Ludwig Van Beethoven: While at High School, during my Music lessons, I studied about Ludwig Van Beethoven the German composer and pianist. Around 1796, he began to lose his hearing. He severely suffered from tinnitus, a “ringing” in his ears that made it hard for him to perceive and appreciate music. He even avoided conversation because his condition was severe. At the end of the premiere of his Ninth Symphony, he had to be turned around to see the turbulent applause of the audience. Hearing nothing, he wept – but persevered and kept a passion for music. He even continued to compose, conduct, and perform, even after becoming completely deaf! He really persevered and deserves our remembrance as an achiever. Even if you get a heavy attack in the area of your greatest passion, gifting or talent, simply persevere. What looks like the end of the road is just a bend that continues into the infinite distance!

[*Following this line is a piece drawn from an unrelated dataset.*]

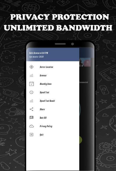 वीपीएन मास्टर 2020 एक आवश्यक उपकरण है। यह आपके कनेक्शन को एन्क्रिप्ट करता है ताकि तृतीय पक्ष आपकी ऑनलाइन गतिविधि को ट्रैक न कर सके, जिससे यह विशिष्ट प्रॉक्सी से अधिक सुरक्षित हो सके। हमने एक वैश्विक वीपीएन नेटवर्क का निर्माण किया है जिसमें अमेरिका, यूरोप और एशिया शामिल हैं और जल्द ही इसका विस्तार और अधिक देश में हो सकता है। अधिकांश सर्वर उपयोग करने के लिए स्वतंत्र हैं, आप किसी भी समय ध्वज और परिवर्तन सर्वर पर क्लिक कर सकते हैं।

Miss Anderson was once told by the Great Toscannini, “A voice like yours is heard once in a hundred years.” — Image by © Bettmann/CORBIS

Marian Anderson: Her family was so poor that they did not afford to send her to high school. At 12, her father died of heart failure and her grandfather a born slave also died few months later. After some time, her church members sponsored her to join high school. When she came out and applied to an all-white music school in Philadelphia, she was turned away because she was black – but she persevered. She became an important figure in the struggle for black artists to overcome racial prejudice in the US. With the help of President Franklin D. Roosevelt, she performed a highly praised open-air concert on Easter Sunday, April 9, 1939, on the steps of the Lincoln Memorial in Washington, D.C., to a crowd of more than 75,000 people and a radio audience in the millions. She worked for several years as a delegate to the United Nations Human Rights Committee and became a “goodwill ambassadress” for the US Department of State, receiving many awards: Presidential Medal of Freedom (1963), the Kennedy Center Honors (1978), the National Medal of Arts (1986), and a Grammy Lifetime Achievement Award (1991). Whether you are despised by multitudes or lose your loved ones, do not sit back and give up. Rise up and pursue your dreams. Persevere.

JUST PROCEED

A person of perseverance will proceed unhindered by any obstacles. The stumbling blocks of life will be surprised when you turn them into stepping stones into a better life! Ted Engstrom summarizes such persistence in a moving style:

Cripple him, and you have a Sir Walter Scott. Lock him in a prison cell, and you have a John Bunyan. Bury him in the snows of Valley Forge, and you have a George Washington. Raise him in abject poverty and you have an Abraham Lincoln. Strike him down with infantile paralysis, and he becomes Franklin Roosevelt. Burn him so severely that the doctors say he’ll never walk again, and you have a Glenn Cunningham — who set the world’s one mile record in 1934. Deafen him and you have a Ludwig van Beethoven. Have him or her born black in a society filled with racial discrimination, and you have a Booker T. Washington, a Marian Anderson, a George Washington Carver. Call him a slow learner, “retarded,” and write him off as uneducable, and you have an Albert Einstein.